If you have plantain recipes, let me know. Today we'll stick to sweet treats. It's fairly solid food. As the fashion today is for lighter puddings, one sees bananas feature less on dessert menus. A few suggestions. Use firm bananas for cooking, otherwise they will turn to complete mush.

Baked

One of the best barbecues I ever attended (on a freezing November night) was rounded off with bananas wrapped in foil and baked in the embers of the fire. Or cook them unpeeled in a hottish oven for 10 - 20 minutes, depending upon size. Or peel them, sprinkle with dark brown sugar, drizzle with dark rum and bake in a buttered dish for about 15 minutes.

Instant Banana Ice Cream (needs no ice cream maker and no stirring)

Peel 4 bananas and cut into chunks. Spread on a tray and leave in a freezer until completely frozen. This will take at least an hour. Put the fruit in a blender with 3 - 4 tbsp of sugar and a couple of shakes of vanilla extract (a little more if you're using vanilla essence). You will need 150 ml of Greek yoghurt or buttermilk or cream. I prefer yoghurt, but adapt accordingly.

Add half of the yoghurt and start the blender. Gradually add the remaining yoghurt until the mixture is smooth. Voilà! Your ice cream is ready. Serve immediately.

And finally, an over the top American classic, as served at The Chocolate Factory, Ghirardelli Square, San Francisco. I wouldn't use two whole bananas, but that's America.

Classic Banana Split

In a banana split dish (shallow and long) put one banana either side. In the middle put three scoops of ice cream. At Ghirardelli, they use vanilla, chocolate and strawberry with different toppings on each, but I would stick with vanilla alone. Put some whipped cream at either end, smother liberally with chocolate sauce and top with flaked almonds or the like. (The example pictured features a Maraschino cherry. Tom's Food! is a liberal column, but it does have standards.)

I was going to top this off, pun intended, with a chocolate sauce recipe - my Dad was something of an addict - but it has just dawned on me that chocolate begins with a C. No prizes for guessing the next foodstuff in the series.

5 Comments

  1. Robert Corrigan on 16th July 2020 at 12:40 am

    A most enjoyable read. My first sight of a banana plant (not tree) was in Glasgow Botanical Gardens. My first banana plantation was a visit in the mid 60s to the island of Madeira.

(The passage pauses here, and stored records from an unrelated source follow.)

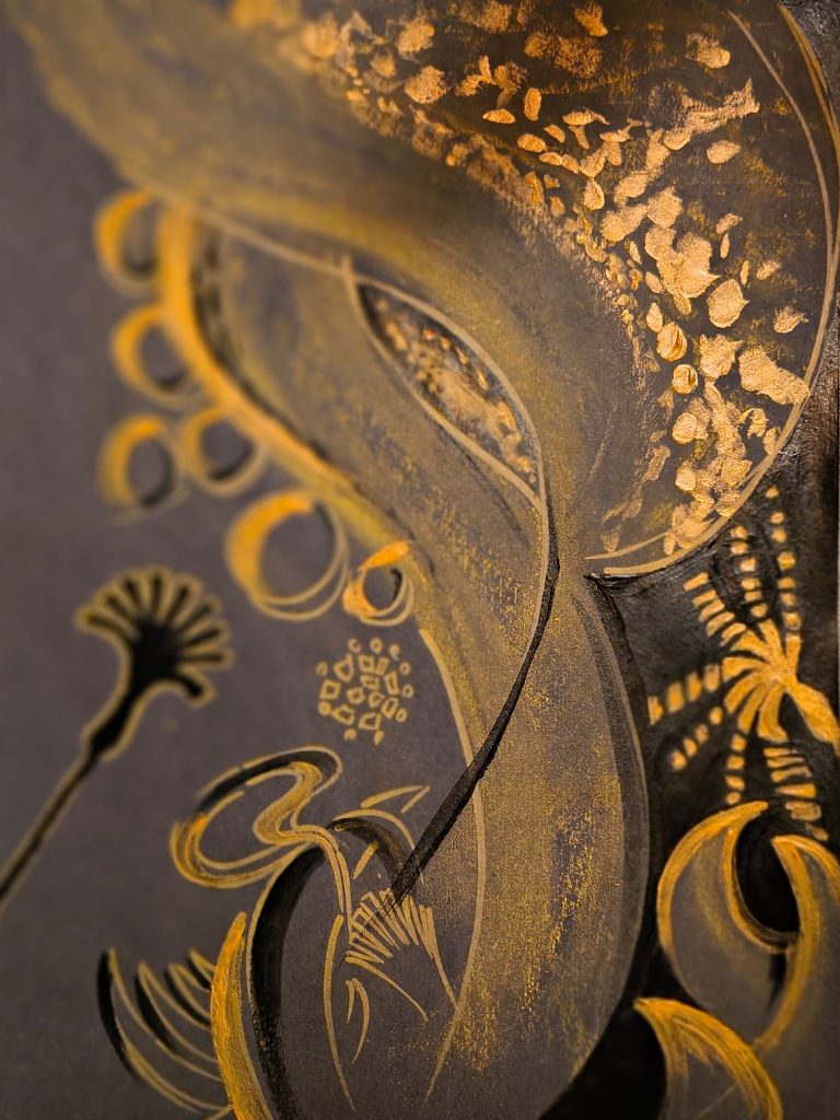 In Klimt’s art, gold takes on an almost sacred value, and it is from this vision that my work evolves, in which gold plays a central role, giving depth and vitality to the subject. The use of this colour is never accidental, but rather a deliberate choice, capable of defining and shaping the form. Black, on the other hand, becomes the ground on which the gold expresses itself, appearing with a force that suggests depth and mystery, in a play of light and shadow that seems to restore an almost dreamlike dimension.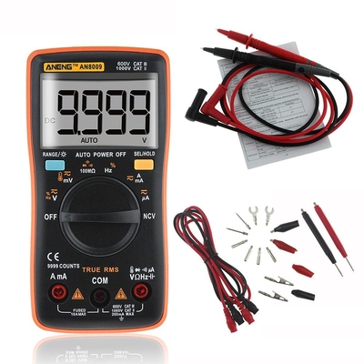 Spécification: Couleur orange Une fonction Intervalle Résolution Précision MAX. Valeur Autre Tension continue (V)999.9m V0.1m V± (0, 5% + 3)999.9V 9.999V0.001V99.99V0.01V999.9V0.1 V Tension continue (m V)9.999m V0.001m V99.99m V99.99m V0.01m V Tension CA (V)999.9m V0.1m V± (1, 0% + 3)750V40 Hz-1k Hz 9.999V0.001V99.99V0.01V750.0V0.1 V Tension CA (m V)9.999m V0.001m V99.99m V99.99m V0.01m V Courant DC (m AA)999.9m A0.1m A± (1, 0% + 3)9.999A 9.999A0.001 A Courant DC (μA)99, 99μA0, 01μA± (0, 8% + 3)999, 9μA999, 9μA0.1μACourant alternatif (m AA)999.9m A0.1m A± (1, 2% + 3)9.999A40 Hz-1k Hz 9.999A0.001 A Courant alternatif (μA)99, 99μA0, 01μA± (1, 0% + 3)999, 9μA999, 9μA0.1μALa résistance 99.99Ω0.01Ω± (1, 0% + 3)99, 99 MΩ 999, 9Ω0.1Ω± (0, 5% + 3)9.999kΩ0, 001 kΩ99.99kΩ0, 01 kΩ999.9kΩ0.1kΩ9, 999 MΩ0, 001 MΩ± (1, 5% + 3)99, 99 MΩ0, 01 MΩ Une fonction Intervalle Résolution Précision MAX. Valeur Autre Capacitance 9.999n F0.001n F± (5, 0% + 20)9.999m F 99.99n F0.01n F± (2, 0% + 5)999.9n F0.1n F9.999μF0.001μF99.99μF0.01μF999.9μF0.1μF9.999m F0.001m F± (5, 0% + 5) La fréquence 99.99 Hz 0.01 Hz± (0, 1% + 2)9.999 M Hz 999.9 Hz 0.1 Hz 9.999k Hz 0.001k Hz 99.99k Hz 0.01k Hz 999.9k Hz 0.1k Hz 9.999 M Hz 0.001 M Hz Cycle de service 1% ~ 99%0, 1%± (0, 1% + 2) Diode√ Continuité√PCI√ Température-20 ~ 1000 ℃1 ℃± (2, 5% +5)1000 -4 ~ 18321 ℉1832 Spécifications générales LCD affichage 9999 Counts Variant Auto / Manuel Matériel ABSTaux de mise à jour 3 fois / seconde Ture RMS√Rétro-éclairage√ Maintien de données√ Alerte Batterie√ Arrêt automatique√ Spécifications mécaniques Dimension 130 x 65 x 32mm Poids 114g Batterie Type 2 x 1, 5 V AAA Batteries (N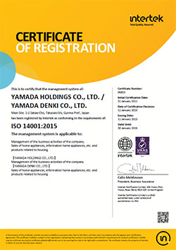 ヤマダホールディングスは、本社機能を対象として、ISO14001認証を2011年1月に取得しました。

    1982 was my first introduction to plantain. Lovely fried in red/orange palm oil. They make wonderful crisps too. Nigeria was also where I saw finger bananas for the first time.

    • Tom Johnston on 16th July 2020 at 10:01 am

      Good point about the plant. We think of it as a tree, but it’s not. The thing that looks like a trunk is known as a pseudostem.

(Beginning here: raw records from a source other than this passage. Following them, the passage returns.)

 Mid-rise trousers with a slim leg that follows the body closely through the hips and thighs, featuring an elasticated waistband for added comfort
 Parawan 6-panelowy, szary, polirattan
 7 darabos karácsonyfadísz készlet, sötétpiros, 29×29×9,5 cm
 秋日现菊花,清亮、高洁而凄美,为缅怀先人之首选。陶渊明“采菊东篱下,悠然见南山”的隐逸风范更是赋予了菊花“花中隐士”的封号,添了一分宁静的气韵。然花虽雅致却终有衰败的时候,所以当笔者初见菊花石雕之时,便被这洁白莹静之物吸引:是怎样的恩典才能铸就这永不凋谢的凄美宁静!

  2. Donnie Marshall on 16th July 2020 at 8:19 am

    While India is the world’s largest producer it is the Belgians who are nuts about bananas. For over thirty years they have had the largest banana genebank in the world at Leuven in Flanders. I don’t know how or why I know that.

    • Tom Johnston on 16th July 2020 at 9:56 am

      It’s reassuring to know that I’m not the only person in the world with a brain stuffed with completely useless trivia.

  3. Les;ey on 16th July 2020 at 11:22 am

    I’m so glad that you did not lower your standards by talking about the ubiquitous lockdown ‘treat’, banana bread. Euch.